宇宙線とは,宇宙空間を光に近い速度で飛びまわっている高エネルギーの粒子,放射線の総称で,目には見えませんが,1分間に約200個もの粒子が私たちの体を通りぬけていると言われています.宇宙線は太陽からやってくるもののほか,何万光年も遠く離れた超新星の爆発,つまり,星の死からも生まれているのです.

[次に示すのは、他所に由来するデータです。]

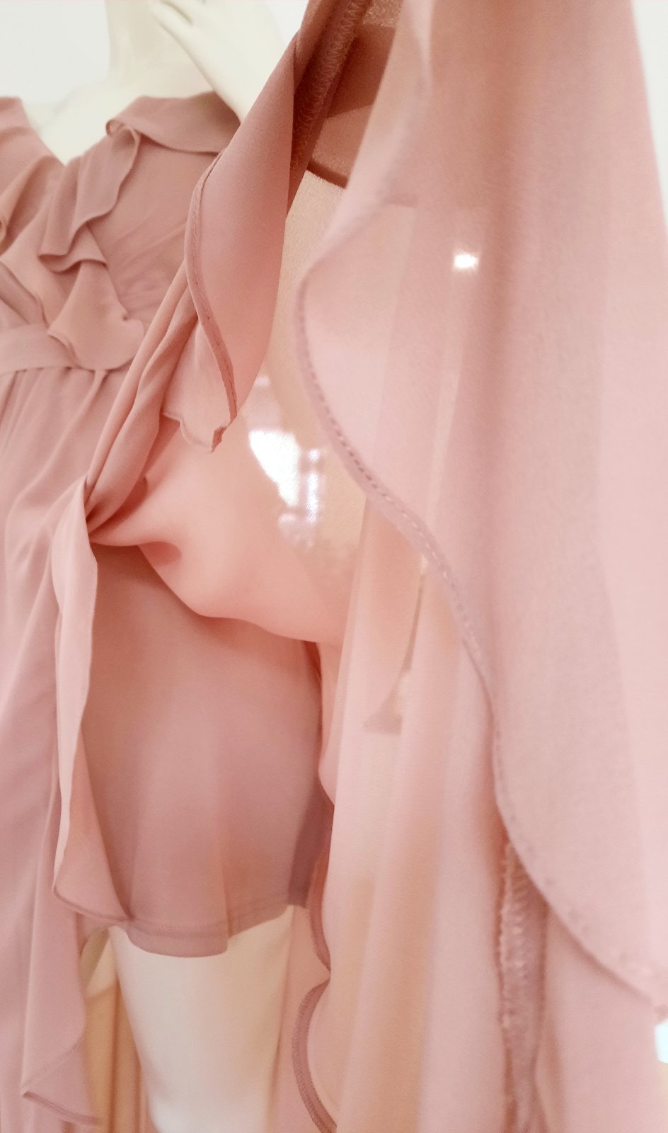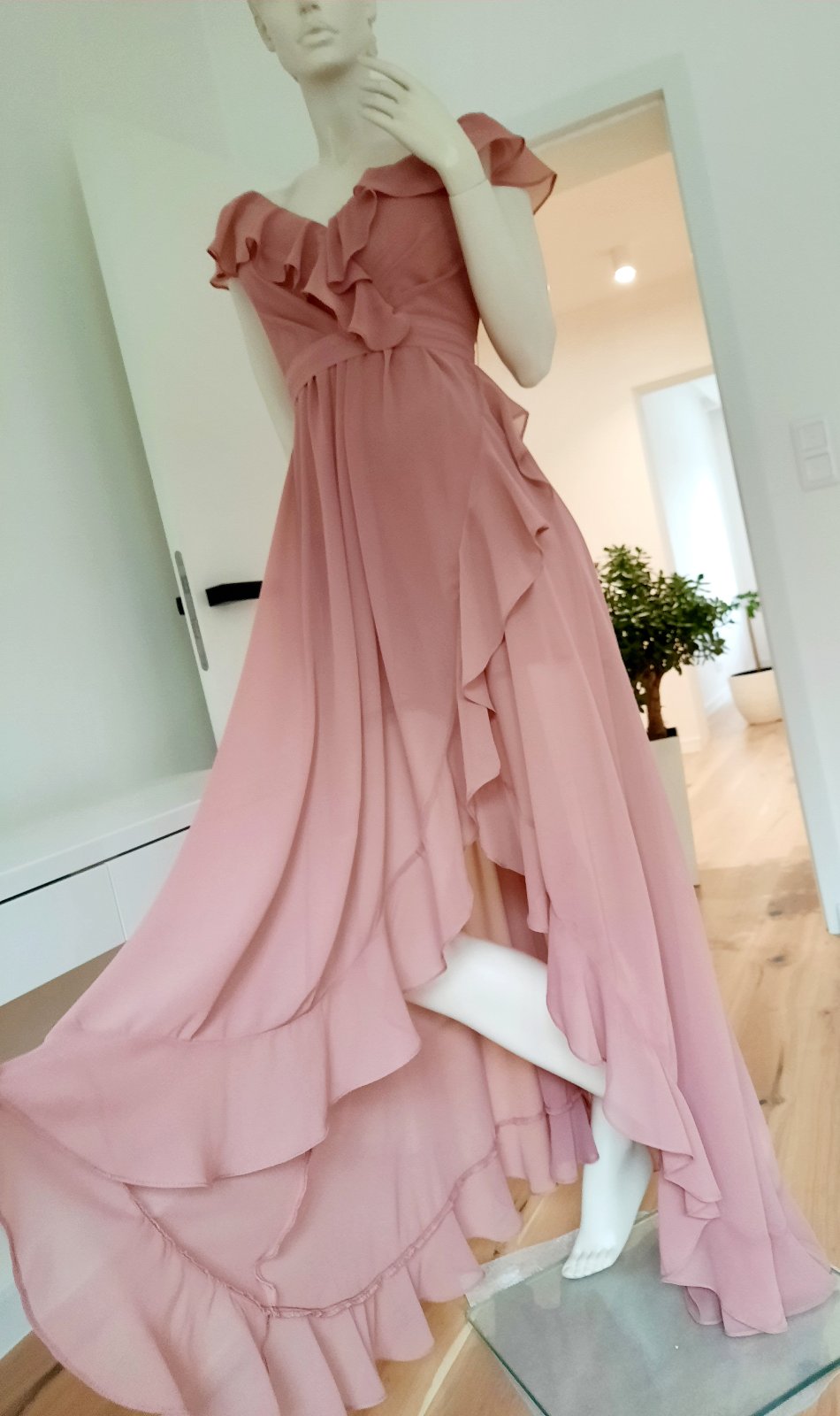 nadherne rozviate prilezitostne saty staroruzovej farby, v prsnej casti su vystuze/ vypchavky, co dotvaruje, prsia bez podprsenky, vzadu zips

明滅を繰り返す静かな光は,私たちを宇宙規模の感覚の広がりへと誘い,宇宙や生命の誕生,そしてその消滅といった壮大な物語を私たちに語りかけているのかもしれません.

協力:日亜化学工業株式会社

逢坂卓郎 プロフィール

1948年東京生まれ.金属を用いた造形作品を発表していたが,やがて光を用いた作品に関心を持ち,放電現象を利用した作品によって注目を集める.近年では,宇宙線をセンサーで検知し,LEDの明滅に変換するインスタレーションをはじめ,宇宙をテーマにした作品を多く制作している.宇宙芸術の研究コミュニティbeyond [space+art+design]の代表で,2008年から国際宇宙ステーションでの芸術実験を実施.
過去に参加した展示・イヴェント

ICC×beyond合同企画 シンポジウム「芸術衛星フロンティア——2014年に打ち上がる二つの大学人工衛星」
日時:2012年9月23日(日)午後2時より[終了しました.]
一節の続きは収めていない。